On May 7, 2004, the Medical Board adopted accepted standards for recommending medical marijuana that include:
n History and good-faith exam
n Treatment plan and objectives
n Informed consent
n Periodic annual review
n Proper record keeping
n A physician who recommends medical marijuana for a minor must offer parents or legal guardians full informed consent, and should do so with the approval of the treating pediatrician as a professional courtesy
The American Academy for Pain Medicine issued guidelines for medical marijuana at its March 2011 meeting.
A Digest for Medical Marijuana Clinics is a 20-page document that affirms, "Medical marijuana evaluation clinics are engaged in the practice of medicine, and physicians are responsible for their patients."

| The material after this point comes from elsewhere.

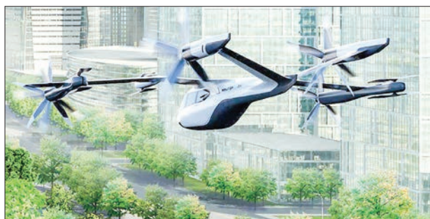
South Korea is planning to begin offering urban air mobility services as early as 2025 in a limited capacity, working with automaker Hyundai and other partners.

S. KOREAN companies will strengthen the cooperation to speed up the commercialization of UAM (Urban Air Mobility), which is expected to grow to 730 trillion won in the global market by 2040.

Marijuana remains listed in Schedule 1 of the federal Controlled Substances Act and has no accepted medical use. The lack of dose response-curve research conducted in large-population controlled trials coupled with the lack of standardized cannabinoid profiling and potency, pesticide and microbiological testing make it difficult for the physician to offer dosing recommendations for medical marijuana short of the adage "Start low, go slow."
The federal government recently patented the unique cannabinoid cannabidiol for its neuroprotective benefits in stroke and trauma. The American Public Health Association, American Academy of HIV Medicine and many other medical institutions join Americans for Safe Access -- the largest national member-based organization of patients, medical professionals, scientists and concerned citizens promoting safe and legal access to medical marijuana for therapeutic uses and research -- in promoting safe and legal access.
According to the April issue of Culture Magazine, 72 percent of Republicans believe cannabis has legitimate medical properties.
Dr. Ahimsa Porter Sumchai is an expert in conventional and alternative therapies, and runs a private practice in West Portal.